The Monastery of Saint John Vazelon

The Monastery of Saint John Vazelon, otherwise known as Vazelon Monastery is the oldest monastery of Pontus and named in memory of Saint John the Forerunner (Gr: Αγίου Ιωάννου Προδρόμου). It was built in 270 AD in the Maçka region of modern day Turkey close to the Sakhnoi and Kounaka villages 40 km south of Trabzon beside the Pritani river. In earlier times it was called Zavoulon however it was later named Vazelon

The monastery was attacked and ruined many times by regional enemies mainly the Persians and the Turks. In 490 AD it was attacked and ruined by Persians who also killed the 400 monks of the monastery. During Ottoman rule (1453-1922) the monastery was ruined many times and in 1922 was totally destroyed leaving it in it's current state. 

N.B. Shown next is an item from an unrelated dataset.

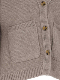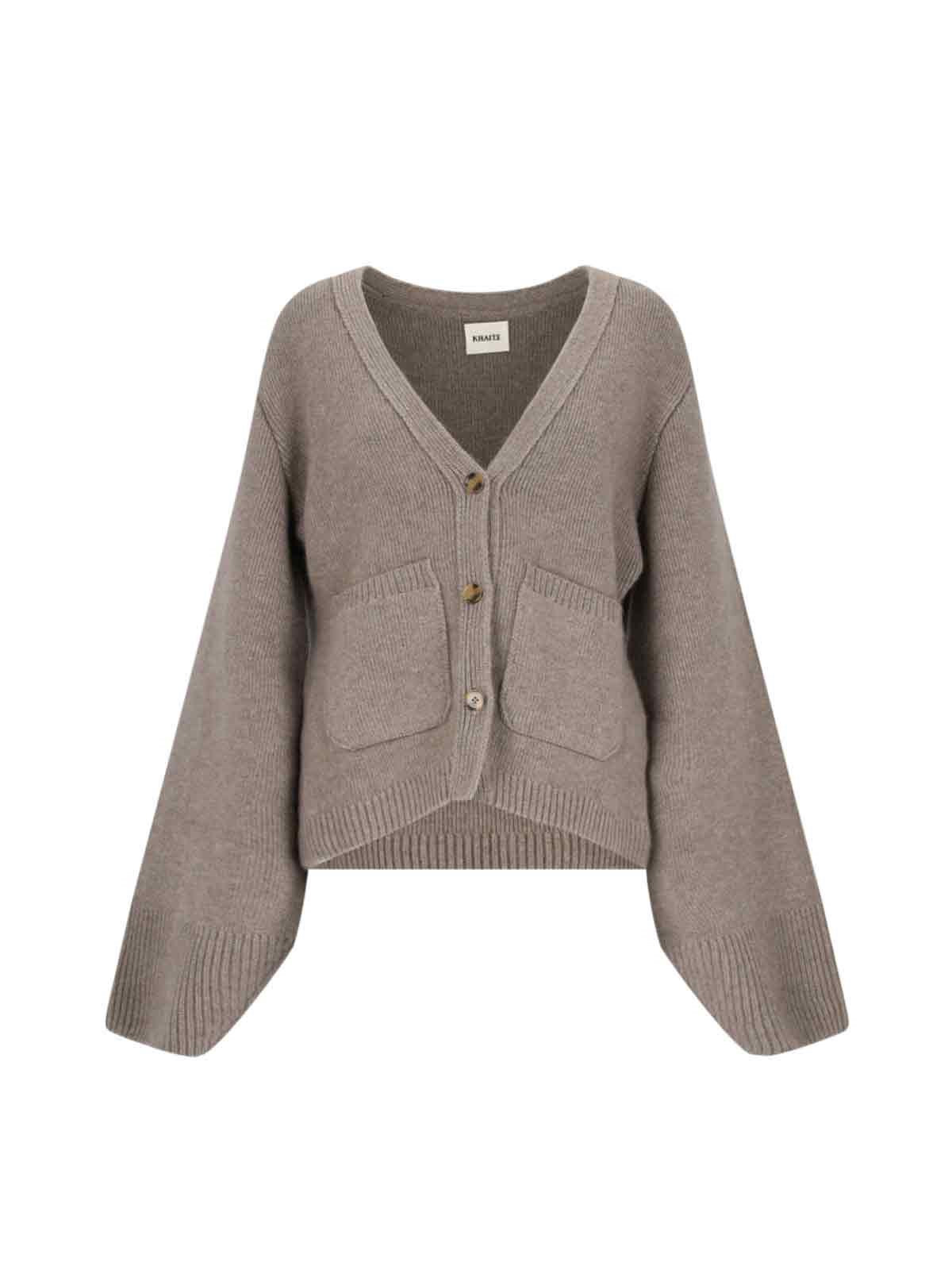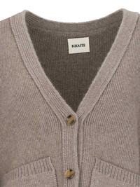 KHAITE 'SCARLET' BEIGE CASHMERE CARDIGAN WITH V-NECK, WIDE SLEEVES, BUTTON CLOSURE, RIBBED TRIM, TWO FRONT PATCH POCKETS, STRAIGHT HEM. PRODUCT INFO PRODUCT CODE 8267600 K600216 COMPOSITION: 100% CASHMERE SIZE AND FIT: ADJUST MADE IN: MONGOLIA

In 1821, Chrysanthos, the Prior of the monastery was able to avoid a general massacre of the 40 surrounding Christian villages via diplomatic means by the use of the monastery's enormous wealth. Of the monastery's rich archives only one item was saved and is now located at the Leningrad Museum. Following it's final destruction in 1922, the monastery's last monk Dionysios Amarantidis, saved the icon of Saint John the Forerunner which he transported and guarded at the monastery of Agia Triada in Serres, Greece.

Dr. Ismail Köse, lecturer at the Karadeniz Technical University in Trabzon, describes the layout of the monastery as follows:

The ground floor’s entrance, the windows and the doors of the monastery, which have an entrance in the west, are closed. As one climbs the stairs, she/he can see three rooms in each narrow corridor. There is a huge dining hall, kitchen and a large refectory. Next to these are three Byzantine basilicas and a vaulted cistern. In the ground floor of the monastery there are stairs marching up into a small hall. There are six rooms located in two sides of corridors. At the top of the MOnastery there is church built in front of a cave. 

The interior of the monastery is adorned with a fine selection of paintings and iconography depicting various Christian events and Christian Saints. 


Vazelon Monastery, July 2014. Photo: Ingo Leonard.